Guarantors will be released from their obligations under a lease if changes are made to the lease without their consent which have the "potential" to increase the burden on the guarantor.
The Court of Appeal has upheld* last year's ruling of the High Court against the landlord of a former DIY store, which I mentioned in June.
In this case the tenant company went into administration and was subsequently dissolved.
The landlord tried to make the tenant's parent company, which had guaranteed the lease, pay the outstanding rent and take up a new lease.
However, because the guarantor had not been joined as a party to a licence for alterations the tenant had entered into 15 years previously, it was released from its liability.

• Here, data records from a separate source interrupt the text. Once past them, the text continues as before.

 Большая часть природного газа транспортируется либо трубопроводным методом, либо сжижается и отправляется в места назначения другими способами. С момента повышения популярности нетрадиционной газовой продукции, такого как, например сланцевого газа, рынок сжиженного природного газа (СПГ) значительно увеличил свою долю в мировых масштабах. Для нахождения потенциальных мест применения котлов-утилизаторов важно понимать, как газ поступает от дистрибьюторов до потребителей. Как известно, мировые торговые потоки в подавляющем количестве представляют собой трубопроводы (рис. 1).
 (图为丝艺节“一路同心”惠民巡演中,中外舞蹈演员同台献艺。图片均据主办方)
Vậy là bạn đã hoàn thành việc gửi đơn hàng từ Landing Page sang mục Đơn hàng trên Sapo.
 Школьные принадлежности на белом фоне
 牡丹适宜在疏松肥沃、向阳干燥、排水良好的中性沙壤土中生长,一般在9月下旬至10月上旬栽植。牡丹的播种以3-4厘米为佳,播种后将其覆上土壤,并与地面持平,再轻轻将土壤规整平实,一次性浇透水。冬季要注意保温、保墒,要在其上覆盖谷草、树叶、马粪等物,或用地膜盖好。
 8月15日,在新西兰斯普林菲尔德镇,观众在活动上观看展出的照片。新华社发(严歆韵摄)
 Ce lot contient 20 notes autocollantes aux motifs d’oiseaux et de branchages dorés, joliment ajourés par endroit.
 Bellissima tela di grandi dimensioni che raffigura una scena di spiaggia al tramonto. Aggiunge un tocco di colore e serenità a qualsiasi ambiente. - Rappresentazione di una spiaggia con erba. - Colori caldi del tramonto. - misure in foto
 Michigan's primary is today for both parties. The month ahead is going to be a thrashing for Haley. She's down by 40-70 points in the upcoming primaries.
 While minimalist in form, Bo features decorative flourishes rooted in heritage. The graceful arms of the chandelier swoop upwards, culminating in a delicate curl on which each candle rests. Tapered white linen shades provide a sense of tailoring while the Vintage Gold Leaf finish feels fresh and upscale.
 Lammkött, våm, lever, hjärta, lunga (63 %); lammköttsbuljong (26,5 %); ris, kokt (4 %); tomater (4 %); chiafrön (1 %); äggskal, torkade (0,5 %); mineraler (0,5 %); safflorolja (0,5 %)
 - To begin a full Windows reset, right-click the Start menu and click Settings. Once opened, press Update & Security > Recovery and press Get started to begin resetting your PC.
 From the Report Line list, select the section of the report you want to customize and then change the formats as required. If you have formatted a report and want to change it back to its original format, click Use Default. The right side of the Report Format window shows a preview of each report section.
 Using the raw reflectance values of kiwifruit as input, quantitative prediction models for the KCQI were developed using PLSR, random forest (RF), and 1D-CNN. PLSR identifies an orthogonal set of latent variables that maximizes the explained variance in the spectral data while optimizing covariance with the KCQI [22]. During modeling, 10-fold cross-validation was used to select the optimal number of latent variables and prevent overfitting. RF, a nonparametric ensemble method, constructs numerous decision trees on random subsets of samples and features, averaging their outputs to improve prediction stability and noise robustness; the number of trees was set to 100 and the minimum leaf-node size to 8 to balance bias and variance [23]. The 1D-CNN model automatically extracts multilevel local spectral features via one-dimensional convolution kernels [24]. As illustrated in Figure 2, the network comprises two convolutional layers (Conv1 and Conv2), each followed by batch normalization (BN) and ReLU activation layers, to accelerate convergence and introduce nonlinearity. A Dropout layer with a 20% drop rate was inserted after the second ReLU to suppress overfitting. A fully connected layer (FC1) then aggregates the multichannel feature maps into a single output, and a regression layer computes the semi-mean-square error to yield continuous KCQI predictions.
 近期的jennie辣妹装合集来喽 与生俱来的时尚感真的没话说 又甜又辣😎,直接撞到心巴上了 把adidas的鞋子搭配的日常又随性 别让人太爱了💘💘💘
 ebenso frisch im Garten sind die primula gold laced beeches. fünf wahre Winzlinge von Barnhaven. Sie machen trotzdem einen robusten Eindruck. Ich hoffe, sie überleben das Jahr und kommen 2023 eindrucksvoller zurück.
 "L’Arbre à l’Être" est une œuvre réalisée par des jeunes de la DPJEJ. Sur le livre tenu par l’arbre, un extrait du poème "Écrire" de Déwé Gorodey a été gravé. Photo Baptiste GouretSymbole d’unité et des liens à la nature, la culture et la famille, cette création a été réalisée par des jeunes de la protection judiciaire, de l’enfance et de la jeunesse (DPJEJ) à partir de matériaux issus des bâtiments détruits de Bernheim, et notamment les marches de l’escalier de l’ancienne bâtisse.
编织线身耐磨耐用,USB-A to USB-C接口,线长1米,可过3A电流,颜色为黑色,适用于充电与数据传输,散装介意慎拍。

This is because the licence had varied the lease, which had originally prohibited alterations altogether.
Once the works had been carried out pursuant to the licence, the tenant's obligations, and therefore those of the guarantor too, had become more onerous because the tenant's covenants (repair, cleaning, yielding up) now applied to the extended and altered premises.
Because the guarantor had not entered into the licence for alterations consenting to the works, it was released under common law from all liability under the lease.
There's nothing new in this - but it shows why in more modern leases there are usually provisions designed to make sure the guarantor will not be released by any variations made to the lease, even if they are made without the guarantor's consent.
It's important therefore to check your lease guarantees.
Whatever they may say however, it's also wise to join in the guarantor to all supplemental licences, deeds and variations.